As a young man, Greenwade was a pitcher and manager in minor league baseball. While pitching in the minor leagues, he contracted typhoid fever and he nearly died. While he recovered, he was away from baseball for a couple of seasons, working for the Internal Revenue Service at one point. By 1940, he had returned to the minor leagues as a manager. In 1941, he joined the St. Louis Browns as a scout.

Later, Greenwade scouted for the Brooklyn Dodgers. In the mid-1940s, as the Dodgers looked to break baseball's color line, Greenwade was sent to Mexico City to scout a black Cuban player named Silvio García. When Greenwade went to meet with Mexican League president Jorge Pasquel about the possibility of recruiting García to the United States, the Mexican League official and his brother began the talks by brandishing firearms. In any case, Greenwade found that García had difficulty pulling pitches toward the left side of the field, so he did not recommend that the team pursue García any further.
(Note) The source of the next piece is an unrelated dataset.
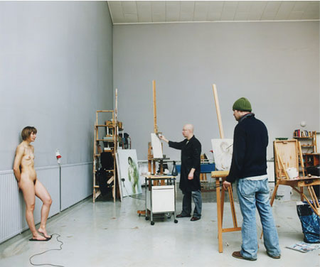 English below Elina Brotherus "Artists at Work" 20 f�vrier - 20 mars 2010 Second volet de deux expositions personnelles cons�cutives d�di�es au travail de l�artiste finlandaise Elina Brotherus � gb agency, cette exposition pr�sente sa derni�re s�rie d�oeuvres intitul�e Artists at Work. Cette nouvelle s�rie r�unit un ensemble de neuf photographies ainsi qu�une vid�o autour du th�me du travail artistique et de sa repr�sentation. Dans la lign�e de ses questionnements sur les rapports entre peinture et photographie mais �galement sur la repr�sentation de l�artiste et de sa relation au mod�le, cette s�rie montre l�artiste posant nue dans un atelier vide devant deux peintres form�s � la tradition classique du portrait � l�acad�mie russe de Saint-Petersbourg. Laissant le dispositif photographique visible � l�image, l�artiste devient ainsi � la fois un mod�le pour les deux peintres mais aussi le mod�le de sa propre photographie. Ce qu�elle per�oit est ainsi mis en ab�me avec la fa�on dont elle est per�ue � travers un chass�-crois� de regards. Les diff�rentes photographies ainsi que la vid�o d�voilent l��volution de la s�ance de pose � travers l�avancement du portrait sur les toiles et les relations de travail des artistes entre eux. Du portrait de l�artiste sur les toiles au portrait photographique des artistes au travail, cette nouvelle s�rie d�Elina Brotherus d�peint un moment de partage et de cr�ation artistique oscillant entre mise en sc�ne et authenticit�. Elina Brotherus (1972) pratique la photographie et la vid�o. Dipl�m�e de l'Universit� d'Art et de Design d'Helsinki, elle vit en Finlande et en France. Elle a re�u le Prix Ni�pce de la Photographie de Gens d�image en 2005 et le Prix Mosa�que du Centre National de l'Audiovisuel du Luxembourg en 2001 et publi� trois monographies: �Decisive days, photographies 1997-2001� (Kustannus Pohjoinen, Finlande, 2002), �The New Painting� (Next Level, U.K., 2005) et �Etudes d�apr�s mod�le, danseurs� (Editions Textuel, avec l�aide de l�Op�ra de Paris, France, 2007). Son nouveau livre autour de la s�rie �Artist and her Model� est en cours d��laboration. Elina Brotherus "Artists at Work" February 20 - March 20, 2010 This second part of two consecutive solo exhibitions dedicated to the work of the Finnish artist Elina Brotherus at gb agency presents the latest series of work by the artist entitled �Artists at Work�. It gathers together a series of nine photographs as well as a video around the theme of the artistic work and its representation. Following a long-time interest in the representation of the artist and her/his relationships to a model, this new series depicts the artist herself being a model of two painters who eventually become models as well. � Who is watching whom? Who is the artist, who is the model? Who gets the �last gaze�? Having used myself as a model since a long time, I wanted to develop further the notions of the artist�s gaze, the model and the self-portrait of an artist. Last summer I met two young painters, Jan Neva and Teemu Korpela. They have studied at the Academy of Fine Arts of St. Petersburg, where the academic tradition of painting the nude still prevails. In art history one can find a type of image where the painter presents himself with the model in the studio (and often looks over his shoulder towards the spectator). I wanted a situation where it is the model who presents herself posing as a model. Traditionally the painter watches the model and the model watches nobody. In our �unholy model session� the roles get mixed: the model becomes an image-maker and the painters become models. In principle the situation is similar to that where I�m making a solitary self-portrait, facing the camera on a tripod, and showing with the cable release that I�m at the same time author and subject, artist and model. However, the painters at work concretisize the posing as even more real. Furthermore, I was curious to hear how it would affect the painters� work when the model looks back at them, observs the observers, makes in turn their portrait with her own medium.� Elina Brotherus, December 28, 2009 Elina Brotherus (1972) works with photography and video. She lives in Finland and France. She was a recipient of the Prix Ni�pce de la Photographie des Gens d�image in 2005 and of the Prix Mosa�que du Centre National de l'Audiovisuel du Luxembourg in 2001. She published three monographic books: �Decisive days , photographies 1997-2001� (Kustannus Pohjoinen, Finland 2002), �The New Painting� (Next Level, U.K., 2005) and �Etudes d�apr�s mod�le, danseurs� (Textuel editions, with the support of the Op�ra de Paris, France, 2007). Her new book on the �Artist and her Model� series is currently under process. |

Greenwade was later assigned to follow Jackie Robinson and observe his play. After 50 days, he reported back to Rickey that Robinson had the skills and temperament to integrate baseball. The scout was sympathetic to racial issues because black family friends had been very helpful to Greenwade in the wake of his mother's death.

==New York Yankees==
Greenwade scouted for the Yankees between 1949 and 1964, discovering players such as Elston Howard and Bobby Murcer. He is best known for scouting Mickey Mantle, however. Though baseball mythology has sometimes held that Greenwade signed Mantle during an impromptu stop at a baseball game that he saw from the roadway, Greenwade actually followed Mantle's play for two years. Regulations at the time dictated that Mantle had to graduate from high school before discussing professional baseball contracts. Scared to lose Mantle to another scout, Greenwade noted the date of Mantle's planned high school graduation and signed him the night of the high school commencement. Mantle said that the Class D contract was worth $1,500, while Greenwade said that Mantle received $1,150.

According to Greenwade, the eyesight that he inherited from his Native American ancestors helped him to spot good talent as a baseball scout. He stood out from other scouts because he avoided taking notes on players, believing that most scouts missed out on key observations because they were writing notes and had their heads down. Even well into his career, Greenwade had what David Halberstam described as "an almost pathological fear of being poor again." He saved money in any way that he could, and his only major expense was the purchase of Cadillacs; he bought one every two years because of the miles that he logged while pursuing baseball talent.

==Later life==
After his time as a Yankees scout, Greenwade retired to Willard. He continued to visit the Yankees clubhouse when they played in Kansas City, and he remained popular among Yankees players. He died of heart failure in 1986 at a nursing home in Ash Grove, Missouri. He had saved enough money to own a bank, a water company and a farm, which he turned over to one of his sons.